(Supplied material begins)

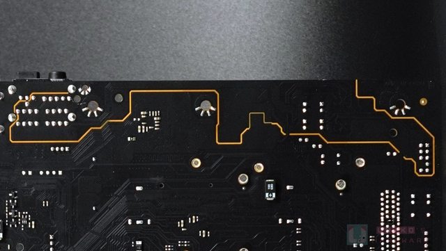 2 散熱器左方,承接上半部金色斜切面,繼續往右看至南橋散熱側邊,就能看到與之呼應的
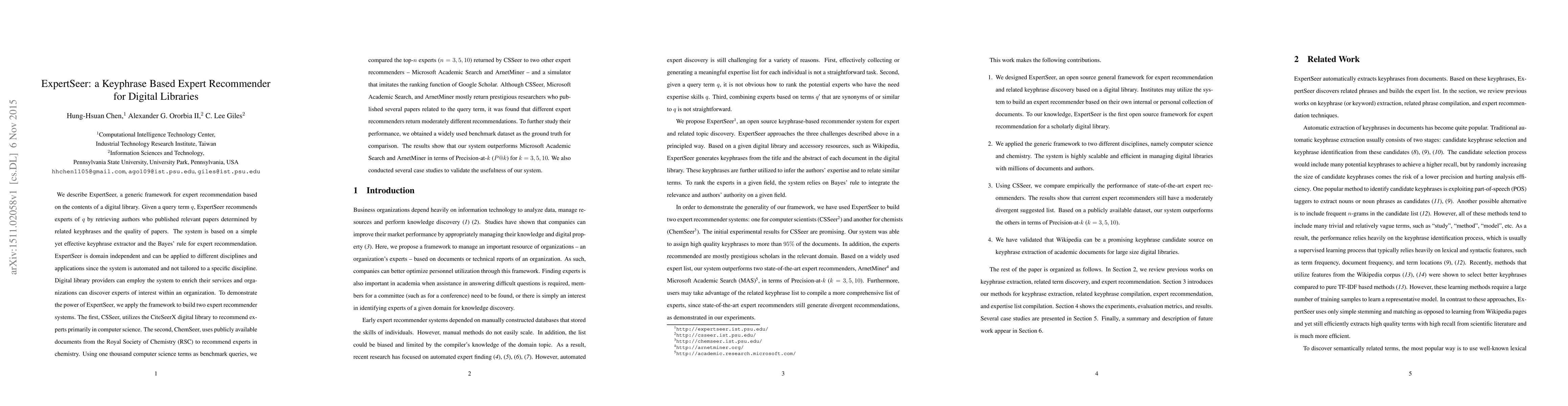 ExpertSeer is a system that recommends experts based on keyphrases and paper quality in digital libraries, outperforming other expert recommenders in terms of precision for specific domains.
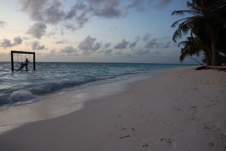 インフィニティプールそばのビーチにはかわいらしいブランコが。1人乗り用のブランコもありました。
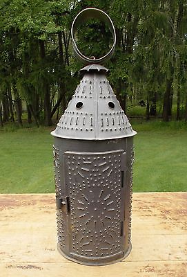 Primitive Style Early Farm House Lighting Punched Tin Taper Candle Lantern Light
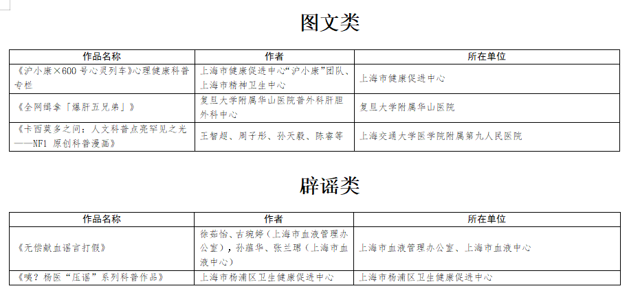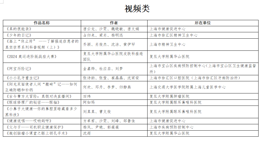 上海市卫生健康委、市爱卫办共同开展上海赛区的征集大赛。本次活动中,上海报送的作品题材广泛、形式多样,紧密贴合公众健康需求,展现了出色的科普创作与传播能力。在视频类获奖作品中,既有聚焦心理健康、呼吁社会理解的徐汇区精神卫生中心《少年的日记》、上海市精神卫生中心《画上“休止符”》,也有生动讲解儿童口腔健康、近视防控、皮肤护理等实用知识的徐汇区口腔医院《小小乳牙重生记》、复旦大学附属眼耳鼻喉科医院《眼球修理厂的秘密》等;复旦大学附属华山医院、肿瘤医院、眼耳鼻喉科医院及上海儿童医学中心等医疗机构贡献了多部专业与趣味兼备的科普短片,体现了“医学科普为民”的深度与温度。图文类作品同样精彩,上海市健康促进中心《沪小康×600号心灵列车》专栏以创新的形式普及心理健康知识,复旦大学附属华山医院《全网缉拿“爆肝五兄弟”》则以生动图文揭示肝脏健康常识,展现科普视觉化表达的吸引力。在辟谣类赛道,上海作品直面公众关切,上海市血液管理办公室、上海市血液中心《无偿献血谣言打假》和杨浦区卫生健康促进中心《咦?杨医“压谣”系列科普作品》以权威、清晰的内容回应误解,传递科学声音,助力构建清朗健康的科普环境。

(Supplied material ends)

→ Directions
All of the listing should be transcribed exactly, but none of its images.

→ Solution to this task
 2 散熱器左方,承接上半部金色斜切面,繼續往右看至南橋散熱側邊,就能看到與之呼應的
 ExpertSeer is a system that recommends experts based on keyphrases and paper quality in digital libraries, outperforming other expert recommenders in terms of precision for specific domains.
 インフィニティプールそばのビーチにはかわいらしいブランコが。1人乗り用のブランコもありました。
 Primitive Style Early Farm House Lighting Punched Tin Taper Candle Lantern Light
 上海市卫生健康委、市爱卫办共同开展上海赛区的征集大赛。本次活动中,上海报送的作品题材广泛、形式多样,紧密贴合公众健康需求,展现了出色的科普创作与传播能力。在视频类获奖作品中,既有聚焦心理健康、呼吁社会理解的徐汇区精神卫生中心《少年的日记》、上海市精神卫生中心《画上“休止符”》,也有生动讲解儿童口腔健康、近视防控、皮肤护理等实用知识的徐汇区口腔医院《小小乳牙重生记》、复旦大学附属眼耳鼻喉科医院《眼球修理厂的秘密》等;复旦大学附属华山医院、肿瘤医院、眼耳鼻喉科医院及上海儿童医学中心等医疗机构贡献了多部专业与趣味兼备的科普短片,体现了“医学科普为民”的深度与温度。图文类作品同样精彩,上海市健康促进中心《沪小康×600号心灵列车》专栏以创新的形式普及心理健康知识,复旦大学附属华山医院《全网缉拿“爆肝五兄弟”》则以生动图文揭示肝脏健康常识,展现科普视觉化表达的吸引力。在辟谣类赛道,上海作品直面公众关切,上海市血液管理办公室、上海市血液中心《无偿献血谣言打假》和杨浦区卫生健康促进中心《咦?杨医“压谣”系列科普作品》以权威、清晰的内容回应误解,传递科学声音,助力构建清朗健康的科普环境。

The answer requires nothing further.